The nucleus is a terrific place to do electron microscopy. Aside from the non-membrane bound elements within which increase the difficulty for any attempts at reconstruction in 3D (at least in my mind) the micro-environmental pressures push this dynamic organelle to rapidly change and adapt. The nucleus here had one particular area that caught my eye, that is the fibrillar center – dense fibrillar component (within the black box) of the top figure. The electron micrograph is from liver and it shows a fibrillar center with a circular (perhaps more octagonal) shape (as do most fibrillar centers) but the arms of the dense fibrillar component extend in a rotational pattern. In this case there are four long spiral arms and four short spiral arms (think “galaxy” with spiral arms). This is not seen often and it may be chance but not likely, in my opinion, particularly when one views the old time lapse videos of cells in culture and sees the nucleus and nucleolus spinning like little worlds in the medium called space. Rotational forces are alive and well within the cell and it is not a big stretch to witness their effects.

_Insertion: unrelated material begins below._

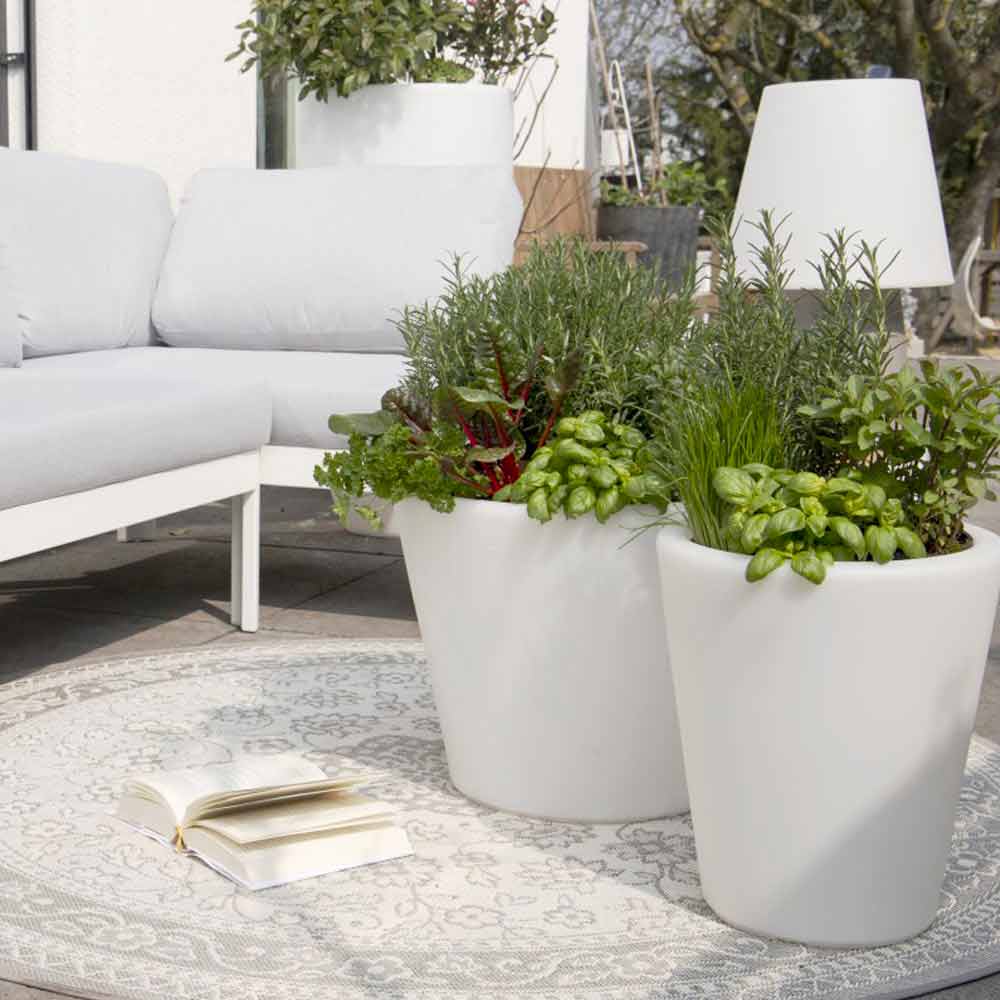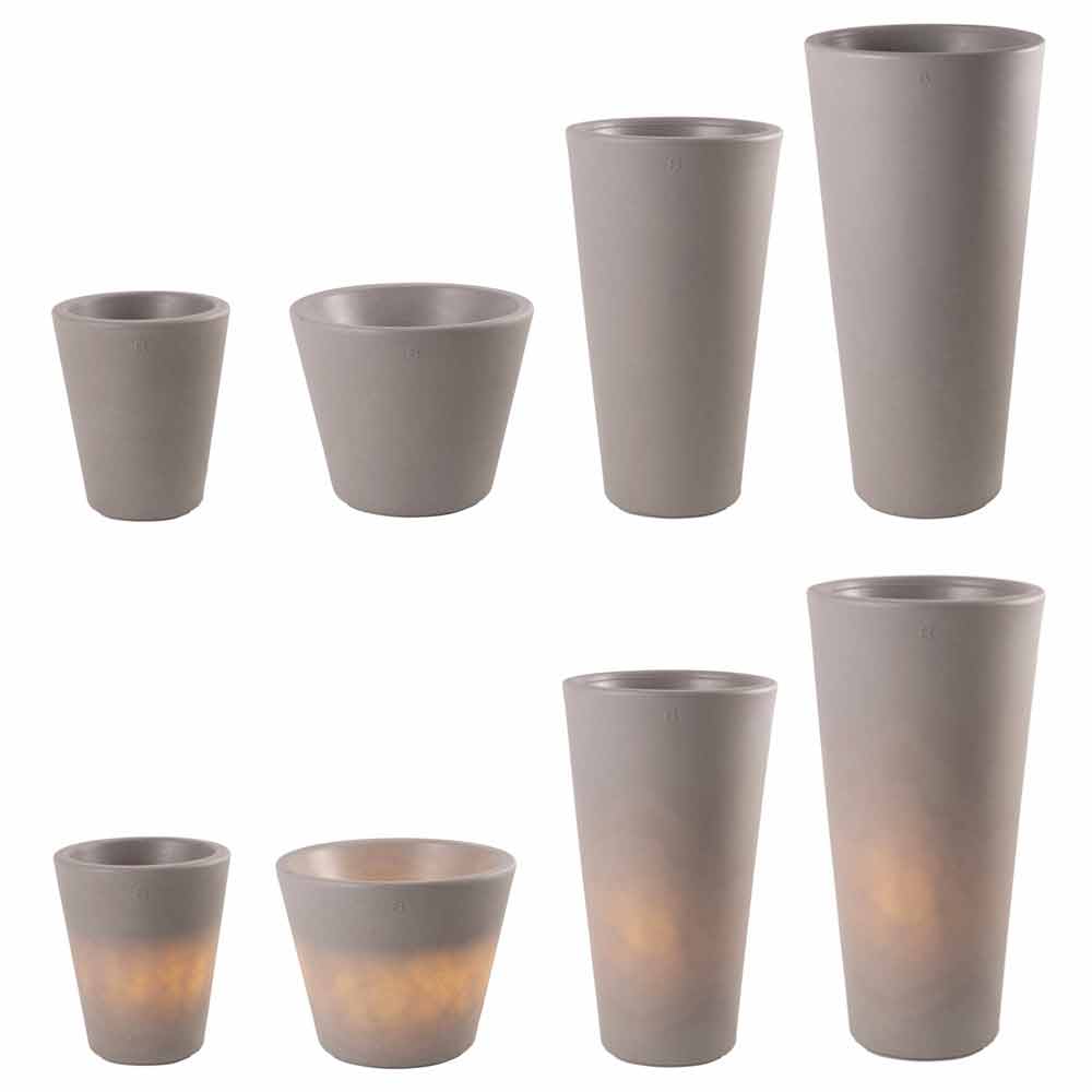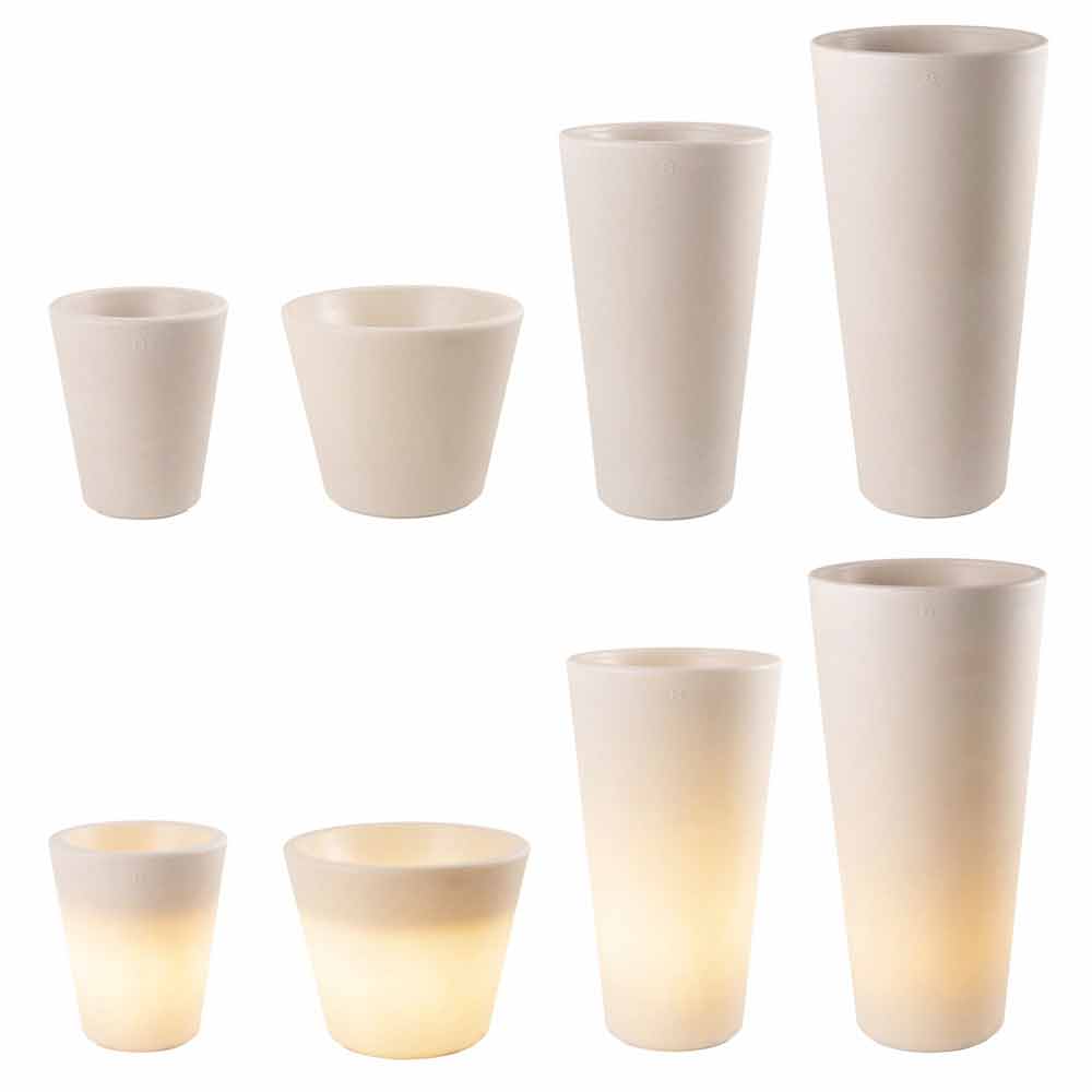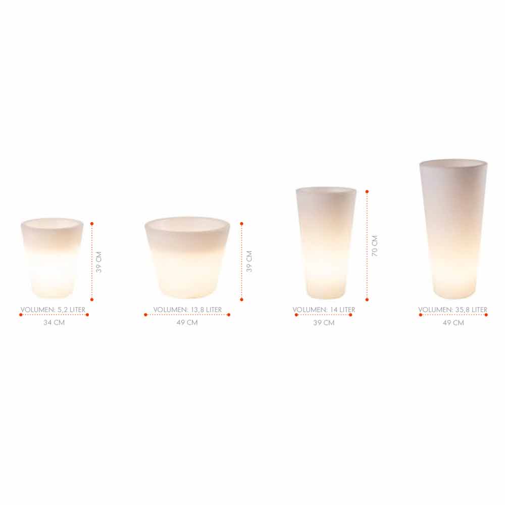 Lys vase til interiør eller eksteriør i farverigt og moderne design med E27-forbindelse i forskellige størrelser.

That said, here is a little fantasy (all else preceding is for real) — would galaxy arms of the dense fibrillar component in all cells go the same direction?, would it be clockwise, would the dense fibrillar component drag off to the counter counter-clockwise south of the equator, ha ha. For real, this is not a pattern I have seen described in the literature, nor recognized in the thousands of electron micrographs of my own, and thousands of others viewed, but I predict it will appear again and again.
Top figure is the original micrograph of a mouse hepatocyte, exposure evened in photoshop, one tiny scratch is patched (dare you to find it) without affecting interpretation. Black box surrounds the nucleolar fibrillar center and spiral arms of the dense fibrillar components which were copied and enlarged from the original micrograph. Inset lower left: burn tool in photoshop enhances direction of the galactic arms of the dense fibrillar component (which is visible in the original before emphasis), light central area is the fibrillar center. Diagram in lower right – stick figure for orientation, FC, fibrillar center of the inset to left, DF dense fibrillar component (galactic arms), and GC granular component. 12531_73229_#203 wc/ii liver 28d.